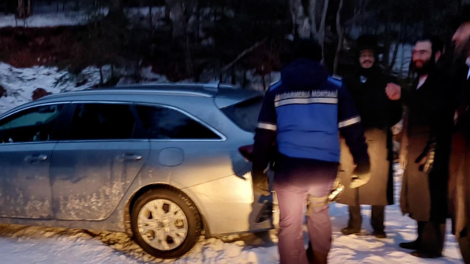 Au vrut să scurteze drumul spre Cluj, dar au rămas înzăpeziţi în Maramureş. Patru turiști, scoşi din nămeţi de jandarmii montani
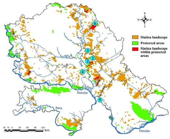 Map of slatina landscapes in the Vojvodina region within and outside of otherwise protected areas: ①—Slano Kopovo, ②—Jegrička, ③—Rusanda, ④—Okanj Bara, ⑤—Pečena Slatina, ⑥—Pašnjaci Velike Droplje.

========================================

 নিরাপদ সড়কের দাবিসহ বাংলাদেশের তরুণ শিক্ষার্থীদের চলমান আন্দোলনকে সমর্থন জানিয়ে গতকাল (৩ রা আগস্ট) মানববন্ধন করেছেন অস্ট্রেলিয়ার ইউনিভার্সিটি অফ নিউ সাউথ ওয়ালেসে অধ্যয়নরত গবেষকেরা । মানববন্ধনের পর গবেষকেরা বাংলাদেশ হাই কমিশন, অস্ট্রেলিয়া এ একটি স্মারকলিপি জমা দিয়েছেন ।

========================================

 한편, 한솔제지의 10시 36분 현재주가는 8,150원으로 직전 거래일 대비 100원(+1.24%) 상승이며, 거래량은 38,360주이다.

========================================

REQUIRED WORK:
Go back to the listing above and reproduce, exactly, the stretch from the line bearing "Au vrut să scurteze" through the line bearing "Map of slatina", without its pictures.

EXERCISE RESPONSE:
 Au vrut să scurteze drumul spre Cluj, dar au rămas înzăpeziţi în Maramureş. Patru turiști, scoşi din nămeţi de jandarmii montani
 Map of slatina landscapes in the Vojvodina region within and outside of otherwise protected areas: ①—Slano Kopovo, ②—Jegrička, ③—Rusanda, ④—Okanj Bara, ⑤—Pečena Slatina, ⑥—Pašnjaci Velike Droplje.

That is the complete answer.